Bóg wysoko, przyjaciel daleko.
Bóg wysoko, przyjaciel daleko.
Kto znalazł przyjaciela, skarb znalazł.
Prawdziwa przyjaźń to rzecz święta. Jest nią tylko ten, który pokazał, że jest jej godzien. I niemało godnych odsiewa czas.
Przyjaciele nie są zainteresowani burzami,które przeżywasz, ale chętnie korzystają z twego statku.

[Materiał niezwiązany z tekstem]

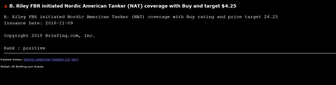 Nordic American Tankers Ltd (NYSE: NAT) - Tanker market up further. Good prospects for dividend payments.
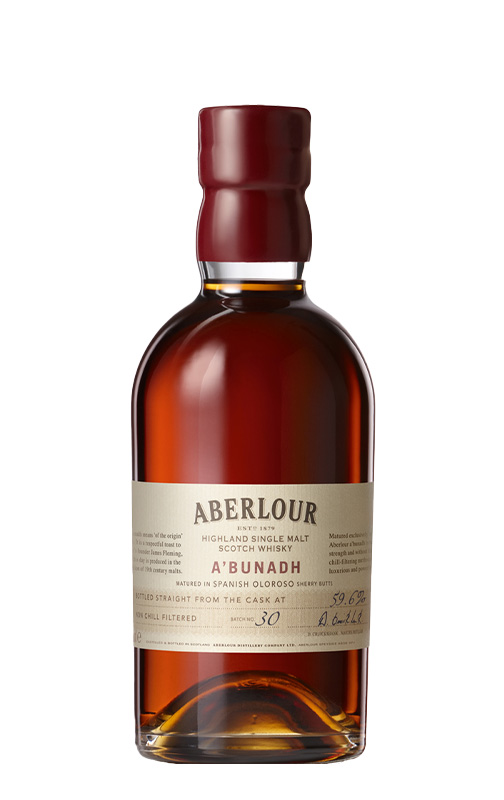 A'Bunadh significa «original» em gaélico, o que já é uma declaração de intenções para este whisky elaborado exclusivamente através de métodos tradicionais, obtendo cada lote cuidadosamente à mão. Estamos perante um whisky de barril que alcançou um estatuto de culto entre os maiores especialistas desta bebida. Uma homenagem ao fundador da famosa casa Aberlour, James Fleming, que se destaca por ser mais cremoso e intenso do que a maioria dos whiskies escoceses.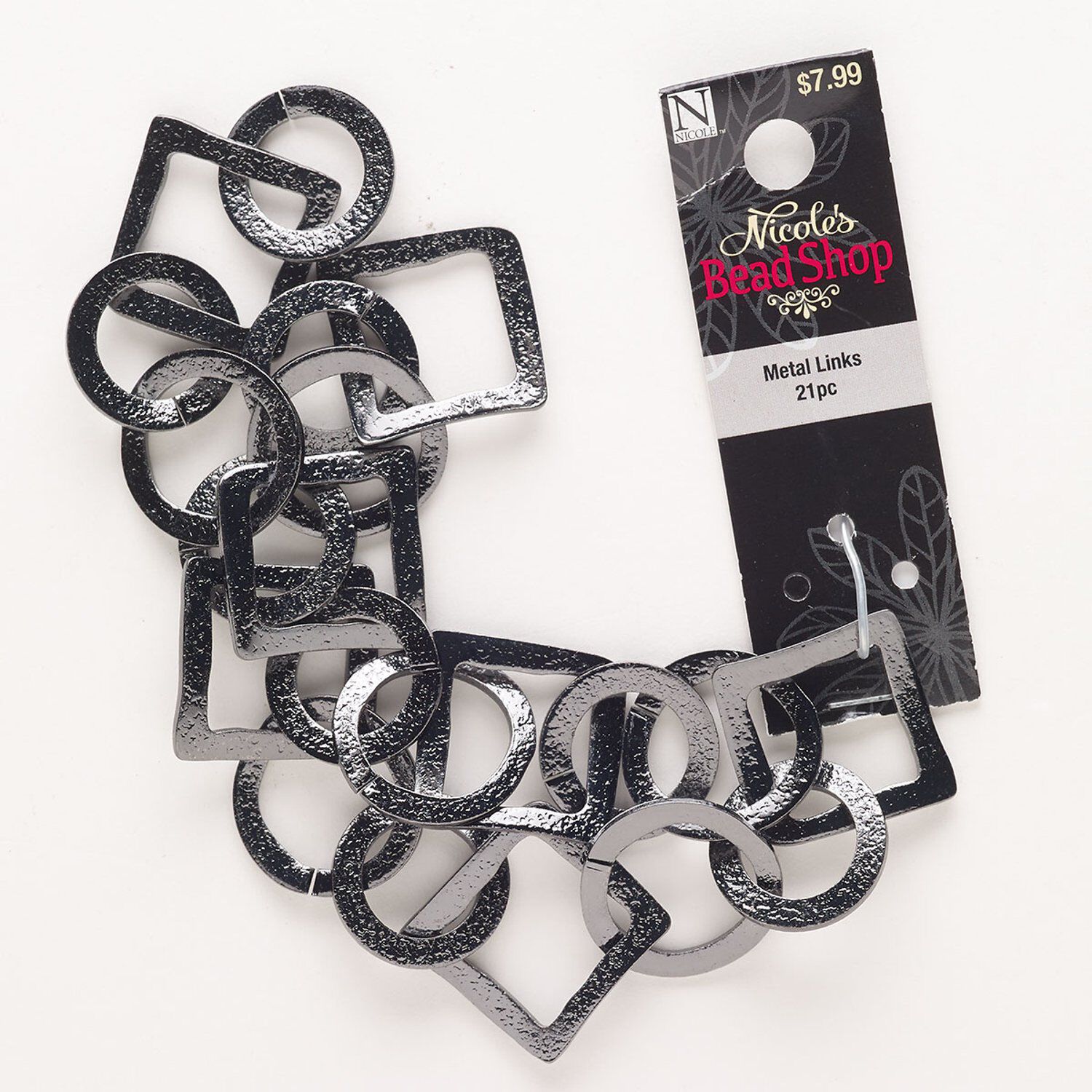 Chain, steel, pkg/14 inches, 33mm textured flat round and 33mm textured flat diamond, black finish.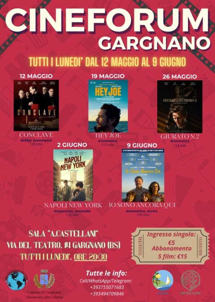 A Gargnano, presso la Sala “A. Castellani” in Via del Teatro 14, si terrà un cineforum con proiezioni ogni lunedì a partire dal 12 maggio fino al 9 giugno. La rassegna cinematografica prevede la proiezione di diversi film, tra cui “Conclave” il 12 maggio, un thriller drammatico della durata di 120 minuti; seguirà il 19 maggio “Hey Joe“, un drammatico di 117 minuti; il 26 maggio sarà proiettato “Giurato Numero 2“, un drammatico di 114 minuti. Nel mese di giugno, precisamente il 2, verrà mostrato “Napoli New York“, un film drammatico e commedia della durata di 126 minuti, e a concludere il ciclo, il 9 giugno, sarà la volta di “Io Sono Ancora Qui“, un drammatico storico di 135 minuti. Tutte le proiezioni avranno inizio alle ore 20:30.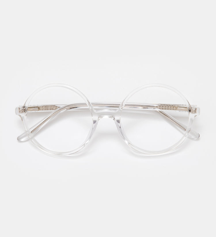 Rakel Transparent Blue Light-brillene har elegante, runde innfatninger laget av klare materialer, og kombinerer subtil eleganse med avansert beskyttelse mot blått lys. Disse sofistikerte brillene reduserer digital øyebelastning samtidig som de opprettholder en minimalistisk og allsidig stil for hverdagskomfort.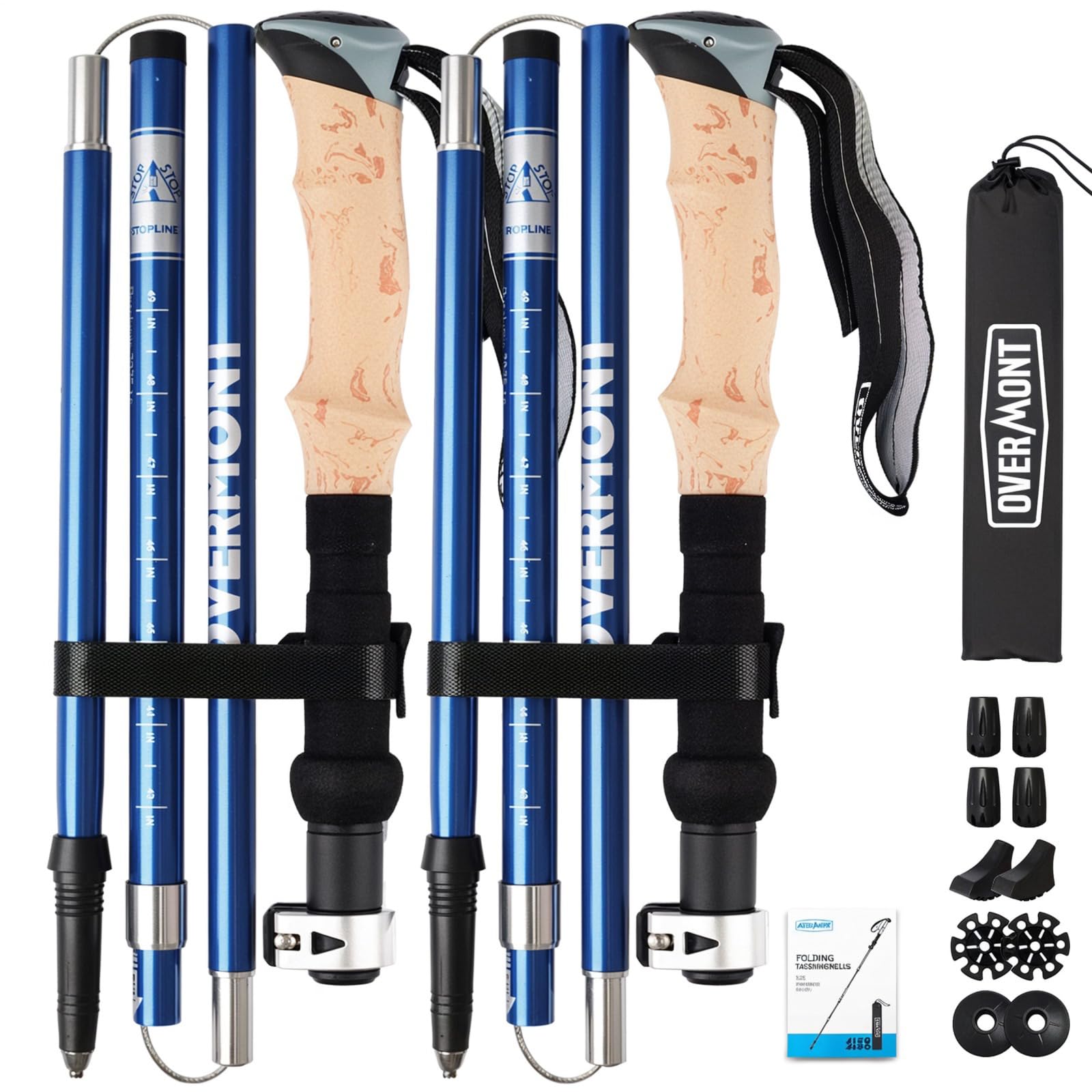 OVERMONT Kijki do chodzenia – 2-pak składanych aluminiowych kijków do chodzenia dla kobiet mężczyzn z systemem Quick Lock, aluminium 7075, składane, ultralekkie, do wędrówek, biwakowania, gór,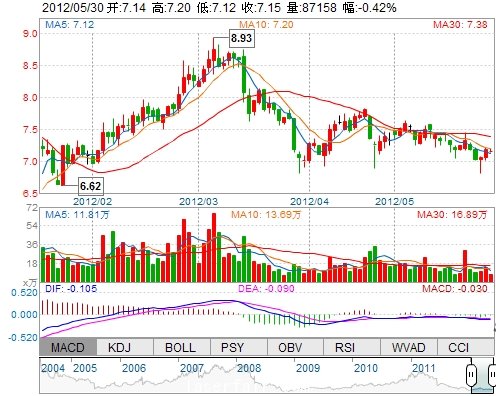 今 開(kāi): 7.14 成交量: 87157手 振 幅: 1.11% 最 高: 7.20 成交額: 6234.80萬(wàn) 換手率: 0.92% 最 低: 7.12 總市值: 74.67億 市凈率: 2.51 昨 收: 7.18 流通市值...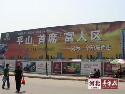 “平山‘首席’富人區(qū)——只為一個階層而生!睆娜ツ觊_始,位于平山縣繁華地段的這則巨幅樓盤廣告就吸引了不少路人的目光,也引來了不少爭議。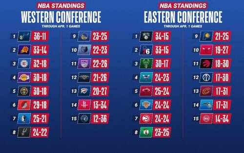 Questa la situazione nelle due classifiche dopo le gare della notte. Ricordiamo che le squadre dalla settima alla decima posizione si giocheranno gli ultimi due posti per i playoff in un torneo play-in da disputare tra il 18 e il 21 maggio per accedere al primo turno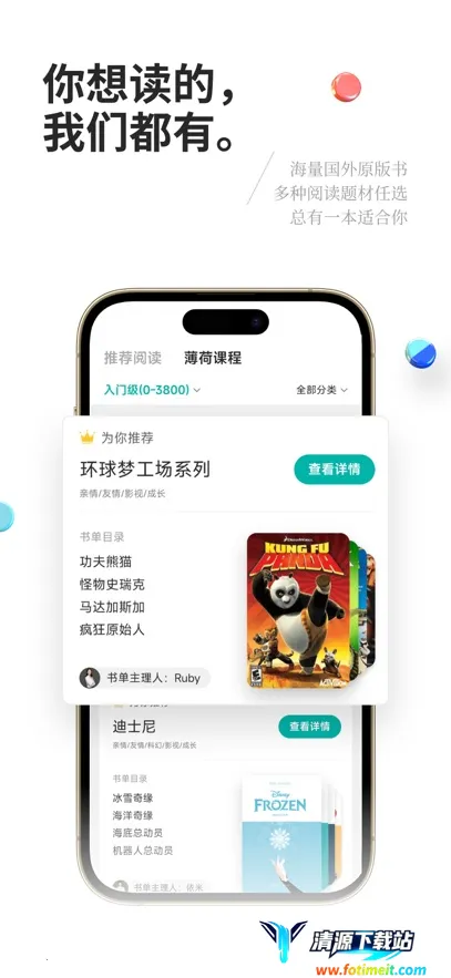 分级阅读,依据用户实际英文水平匹配书单,真正实现i1学习理念。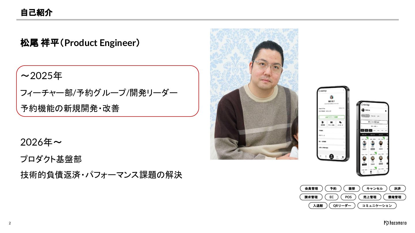 2 自己紹介 松尾 祥平(Product Engineer) 〜2025年 フィーチャー部/予約グループ/開発リーダー 予約機能の新規開発・改善 2026年〜 プロダクト基盤部

Przyjaciel to osoba, której możemy powierzyć całą pewność siebie, kogoś, komu możemy zdradzić nasze ciche niepowodzenia, kogoś, kto doskonale rozumie pendolino w zegarku naszego życia.
My nie tyle potrzebujemy pomocy przyjaciół co wiary, że taką pomoc możemy uzyskać.
Kto znajduje prawdziwego przyjaciela, ten znajduje wielki skarb. Przyjaźń to uczucie głębokie, prawdziwe i niezmiennie piękne. Co więcej, przyjaciół nie oszukuje się, nie kłamie im się w oczy, z przyjaciółmi się nie gra.
A poza tym przyjaźń nie polega na przytakiwaniu sobie. Czasem musi boleć.
Przyjaźń polega na tym, żeby być cicho razem. Wystarczy dzielić chwile, nie jesteśmy sami. Przyjaźń nie polega na tym, żeby patrzeć sobie w oczy, ale żeby patrzeć razem w tym samym kierunku.
Przyjaźń to jedyny cement zdolny na zawsze złączyć ze sobą serca świata. Przyjaciele są rodziną, której sami sobie wybieramy.
Przyjaźń to nie tylko cenne skarby, to przede wszystkim troska, zrozumienie, nigdy śpiąca czujność, a przede wszystkim czytelne oblicze, które nawet w czasie burzy mówi: jestem z tobą.